Or maybe not a mountain. His eyes rested on a...structure, over forty stories tall. At first, he mistook its jagged lines to be a mountain, but then he noticed artificial lights glowing from inside of it. While the pain had subsided, he could still sense something drawing him towards it, beckoning him.

When he first entered the massive crystalline entrance hall, the first thing he was aware of was a dull roaring sound. The next was the column of light rising before him and seeming to climb into infinity; glowing streams of fractal patterns flowing up from the center of a chamber so vast he could not see its top.

How is this possible? The building is tall, but not that tall.

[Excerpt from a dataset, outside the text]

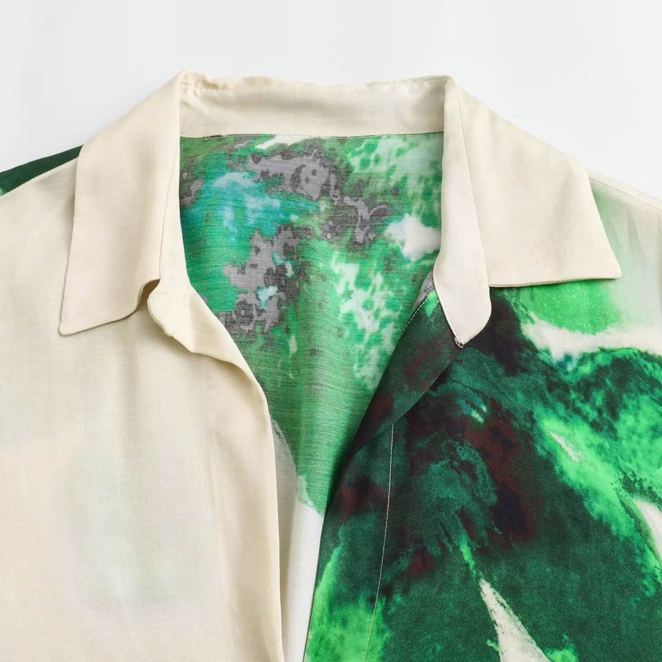 Women's Casual Fashion Blouses Tops Beige Green Button-Up with Turn Collar Long Sleeves Woven Vintage Print Pattern Breathable

Where am I? What is this place?

As his eyes rose higher and higher, he became aware of the shapes looming over him. Gigantic robed statues over thirty feet in height towered over him to either side, supporting a massive, pock-marked sphere easily thirty feet across directly above him; a representation of what could only be Krypton.

As Clark spun around in place for a better look, he was able to get a better look at the chamber's edge. At last, he found the source of the rumbling roar: a waterfall, a hundred feet tall, tumbled down the wall behind him, gathering in a massive pool at its base. The walls, which looked like silvery multifaceted crystal, seemed to glow with a soft internal light.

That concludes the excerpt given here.